Adolph Teichert Jr., a prominent Sacramento businessman with relatives buried in the
cemetery, told the City Council in 1952: " As I remember it, when we made an agreement
with the city of Sacramento to give up our plots and allow the old brick walls to be
leveled and tombstones removed, it was with the expressed stipulation that the city would
make a park out of it and keep it inviolate in perpetuity."
"It doesn't say a lot about our society," says Fair Oaks Cemetery District manager Ray
Young, who provided a crew to remove grave markers from the two east Sacramento
homes. "I take issue that nobody stepped up and said, 'This should be done the right way.'
"
"Sometimes people will key in to memorials and tributes, and sometimes they take a back
seat to progress.
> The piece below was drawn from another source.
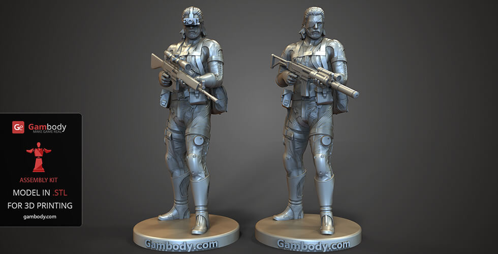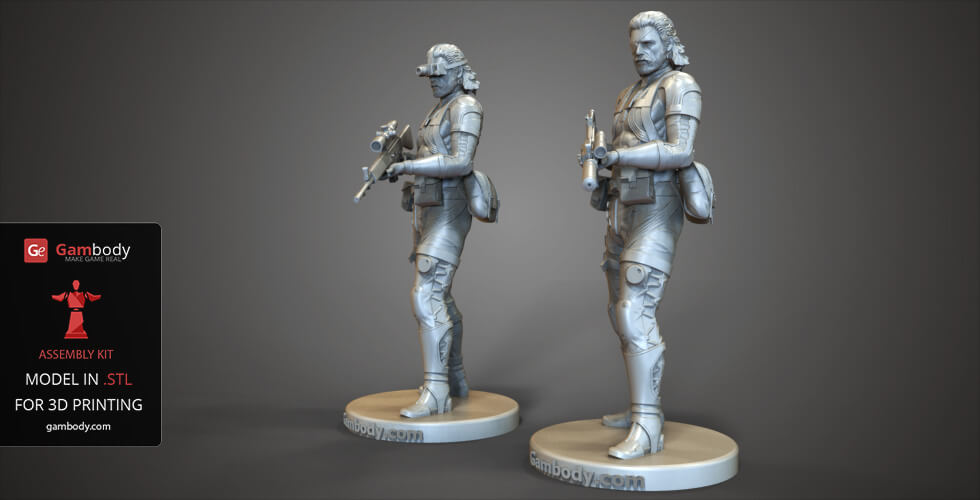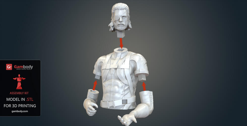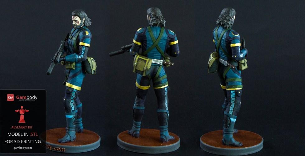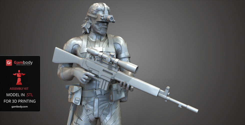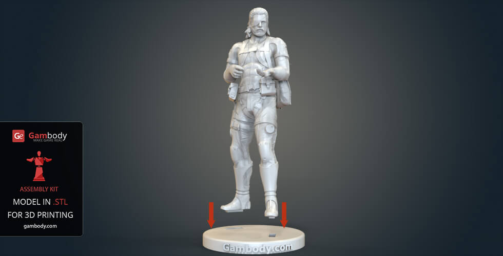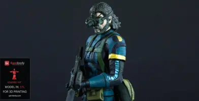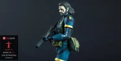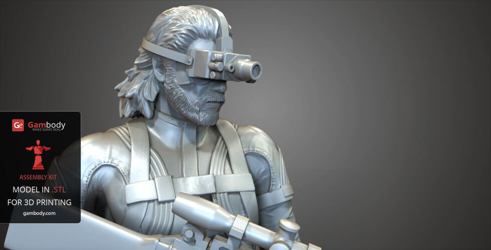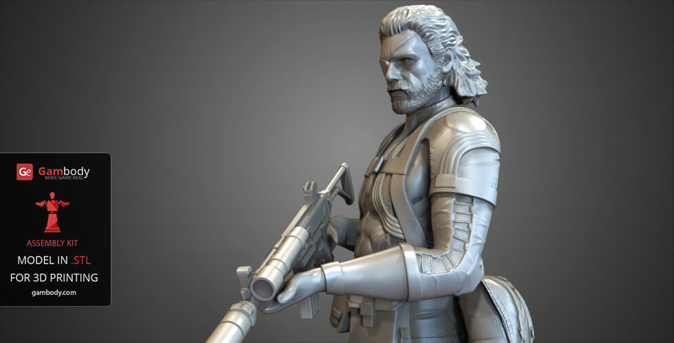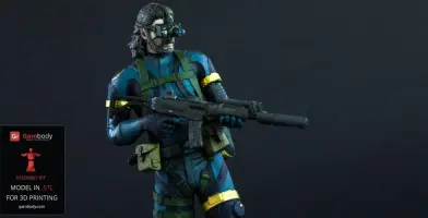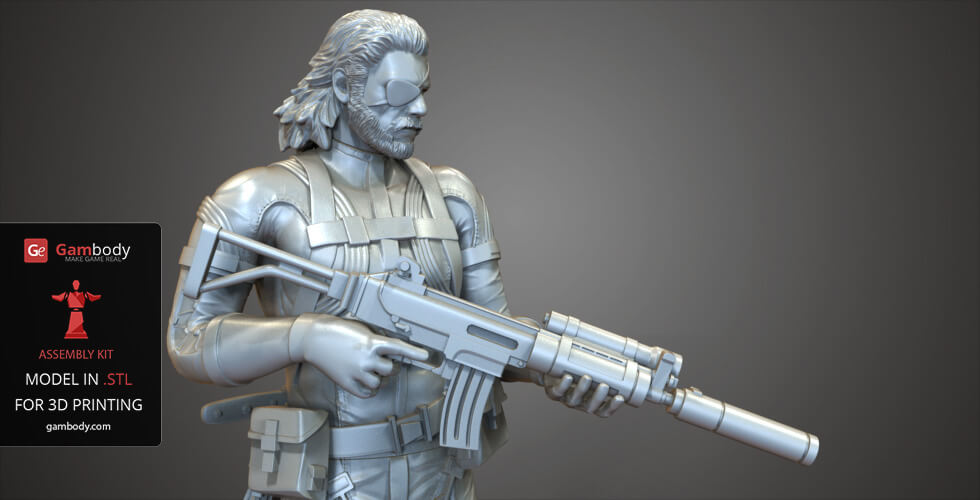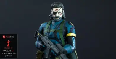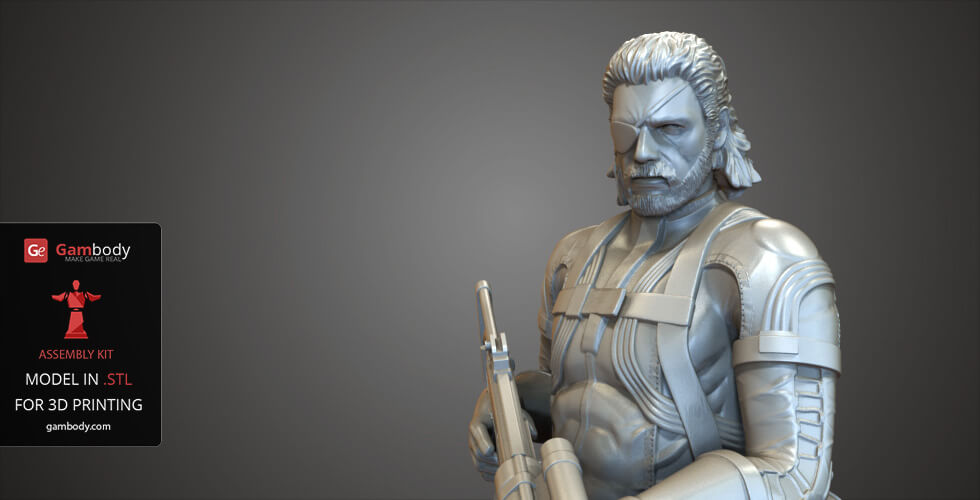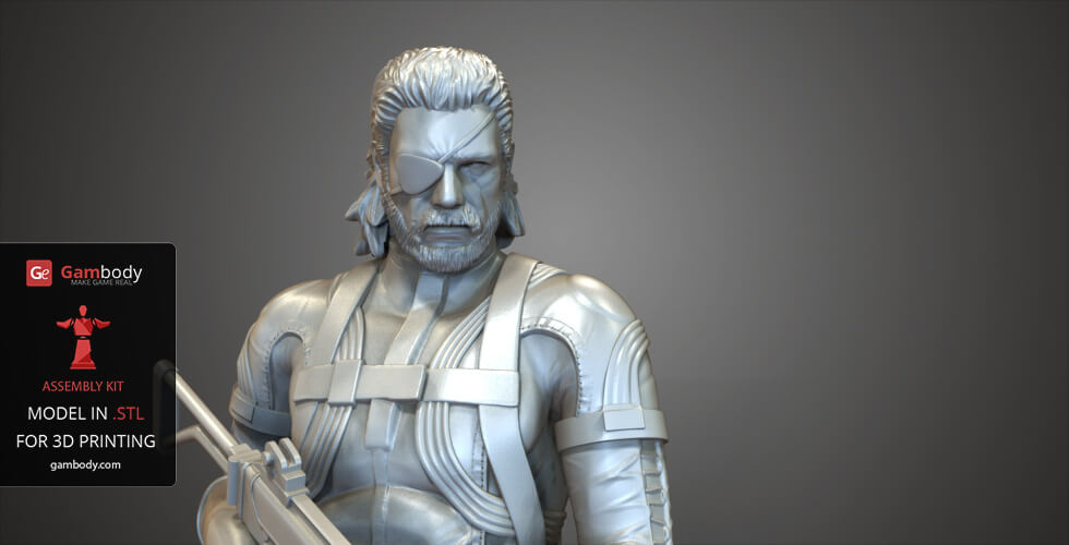 Big Boss 3D model captures the video game character’s looks. The model is created in Autodesk Maya 3D modeling program and is saved in STL file format. The STL files underwent thorough checking and correction to ensure an accurate 3D printing experience.

We haven't been as careful to honor our past as we should have been
sometimes," says Alan Fisher, president of East Lawn Memorial Park.
Cemetery excavations have occurred in other places, says LaPerriere, "but the size of this
one, with more than 5,000 removals, is probably unusual."
As the workers dug up New Helvetia Cemetery, they stacked the grave markers in the
street.
"That is apparently how they ended up in neighborhood homes," LaPerriere says. "... My
assumption is that once they did that, of course, they wouldn't know who was buried
there, so they could bury them as unknowns."
The newly found grave markers will be laid alongside others that have turned up over the
years and line the edges of East Lawn's New Helvetia plot. A tombstone set in the grassy
expanse reads: "In memory of those removed from New Helvetia Cemetery and
reinterred here in 1956. May they at last find eternal peace."
And it turns out that some prominent Sacramentans were among the so-called
"unknowns" laid to rest there.
Joseph McKinney, saloon owner and the city's first elected sheriff, was shot while trying
to make an arrest during the 1850 Squatters Riot. Daniel Blue in 1850 hosted the first
African American congregation on the Pacific Coast in his Sacramento home. Helen
Beulah Mrose may have been a prostitute, but her claim to fame was that she was the
girlfriend of legendary gunfighter John Wesley Hardin.
Also buried here are 600 Japanese immigrants, their presence memorialized with a stately
carved stone. And among the concrete grave markers "coming home" is one bearing the
name of James Bithell, owner of Sacramento's first bookstore.
"People who've lived here their whole lives don't know about New Helvetia Cemetery,"
says LaPerriere. "It's upsetting to most people in the historic community that it's been
forgotten. Those early Sacramentans sacrificed a lot, died young. Because of what they
did brought us to where we are in Sacramento. Because of what they went through, we
should not forget them."
MEMORIES OF NEW HELVETIA CEMETERY
WHAT: Horse-drawn wagon "parade" to East Lawn Memorial Park and dedication of
historic grave markers
WHEN: Wagon leaves Sutter Middle School, 3150 I St., at 9:30 a.m. Sunday. It is
scheduled to arrive at East Lawn Memorial Park, 4300 Folsom Blvd., at 10:15 a.m.
Ceremony begins at 10:45 a.m. in the New Helvetia section. A tour of East Lawn's
restored Art Deco mausoleum is at 11:30 a.m., with refreshments served at noon.